Pet peeve of mine when 404 pages return a 200 (cause then they get indexed by search engines)

-John

Allen Gilliland wrote:



Dave wrote:

On 12/1/06, Allen Gilliland <[EMAIL PROTECTED]> wrote:

After doing some debugging on a db connection leak problem I have found
that the problem is actually originating from our 404.jsp (and likely
our 403.jsp and error.jsp to a lesser degree). I'm not sure exactly why
the problem occurs, but for a while now we have been seen slow leaking
of db connections in our connection pool and after removing that custom
404.jsp the problem has gone away.

I imagine that most people haven't noticed this because it takes a fair
amount of traffic to tickle the problem.  It seems that it's not
occurring on all 404 responses, only under certain conditions.  In any
case I want to fix the problem in Roller and so there are 2 options ...

1. Remove the 404.jsp outright and just leave it up to users to
implement a custom 404 page if they want to.

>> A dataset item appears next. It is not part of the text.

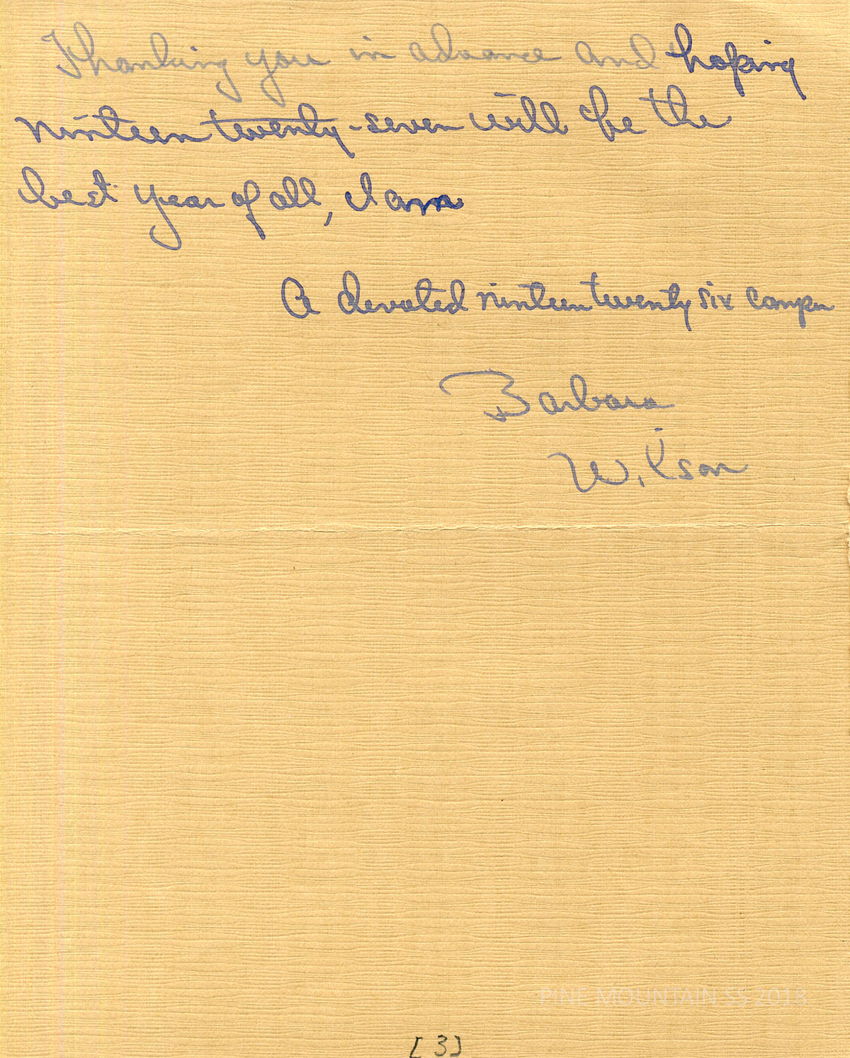 063 Wilson, Barbara, APPLICATION BLANK. Pine Mountain Settlement School, Inc., May 12, 1927. Himedale, IL. Miss Wilson requests a position at the School and describes her interest as follows: “I believe that Pine Mountain interests me because of the indirect contact that I have always had with the settlement. My church, as well as my own family, have been supportive of Pine Mountain for a number of years. For two years I spent my summer at Pinewood Camp where I heard much of Mrs. Zande and her work. It seems that Pinewood and Pine Mountain were installed about the same time and so there is a friendly feeling and interest for the Settlement. Mrs, Zande wrote we had a lovely letter which was printed in our yearbook and so I feel that we are the best of friends although we have never see each other. ..” (2 pages)

2. Change the 404.jsp somehow to not cause the problem.  This would
basically mean simplifying it so that it doesn't require a db Session
like it does now.

Does anyone have any preference? I would probably vote for #1 because I
think that custom 404 pages are something users can do if they really
want them.  I have never found a lot of use for them.

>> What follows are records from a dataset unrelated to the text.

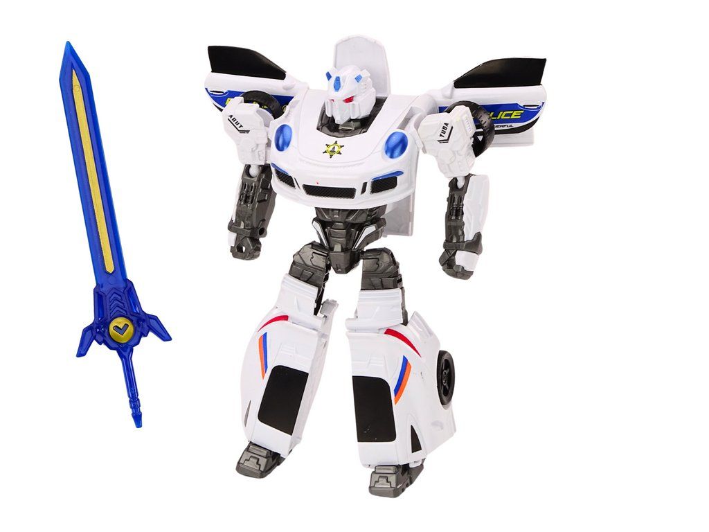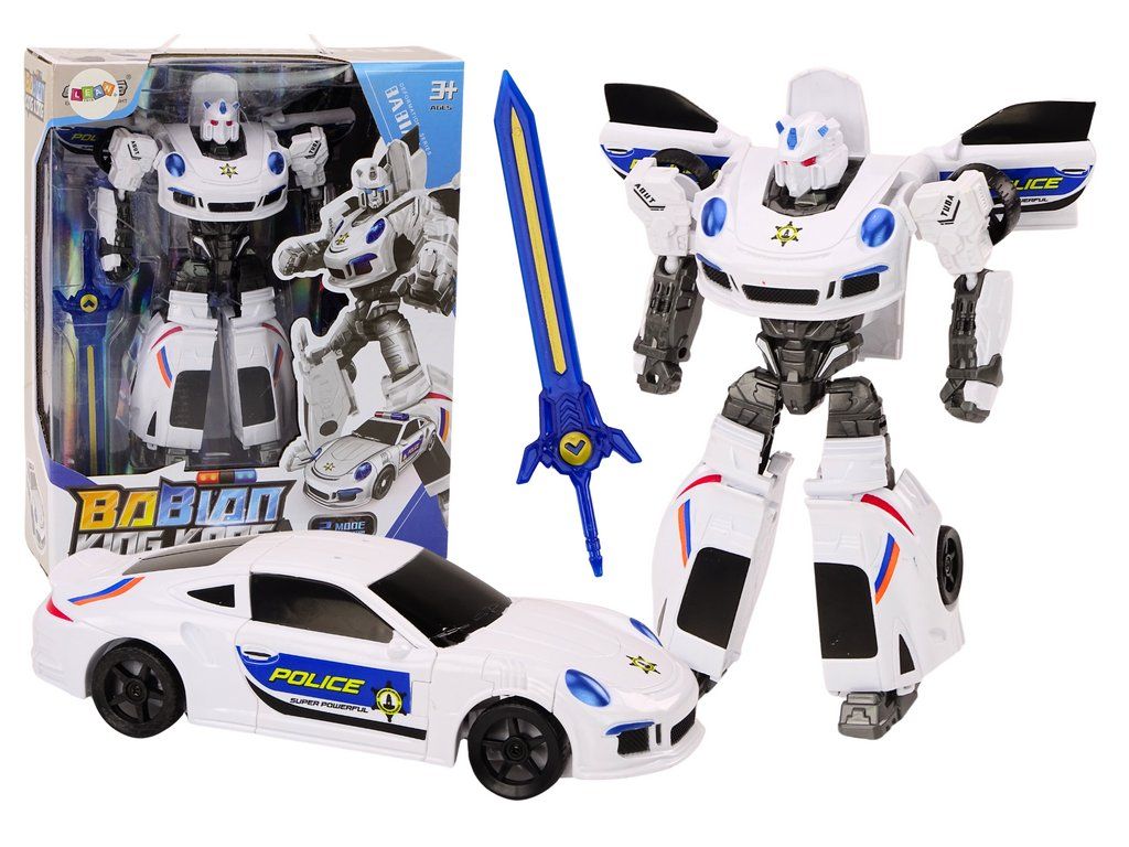 Avto-robot 2v1 Transformacija Policijski Avto Bel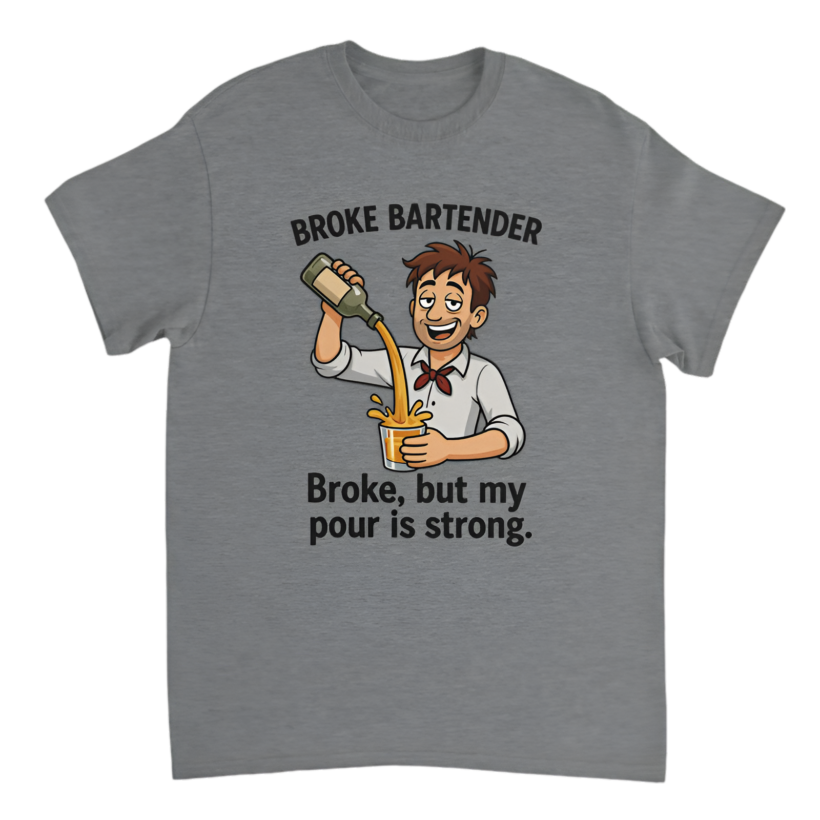 broke bartender t-shirt, funny bartender shirt, broke but strong pour shirt, cartoon bartender tee, bartender humor apparel, bartender life t-shirt, novelty bar shirt, ironic bartender gift, messy bartender cartoon shirt, bartender shift humor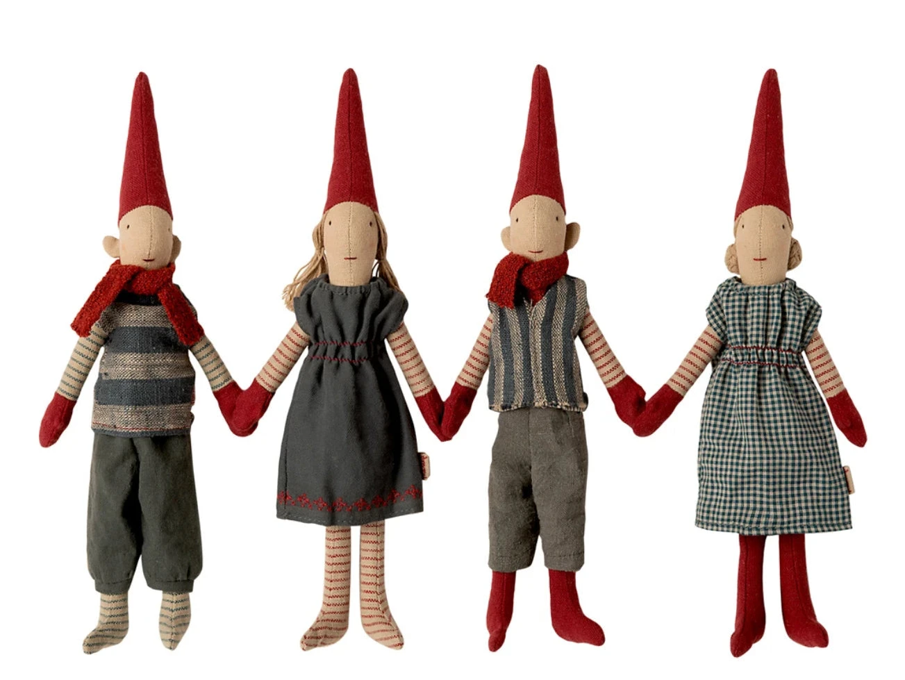 A climbing pixy boy or girl wearing warm festive clothes, ready to celebrate Christmas.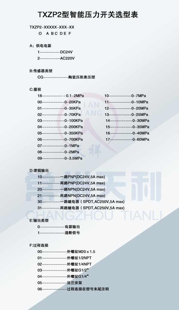 TXZP2智能壓力開關(guān)基本參數(shù)

I vote for #2. Roller should provide a nice happy 404 page right out
of the box. And I'd like to understand why a simple JSP Is causing a
connection leak.


I would like to know that too, but I don't really feel the need to spend too much time on it. I am fine with leaving the 404 page in there, but what I'm going to do is remove the tiles definitions and make the page more generic and not include the bannerStatus stuff. I don't think that stuff really fits with the 404 page anyways because 404s are generated from all over the application, not just in the UI.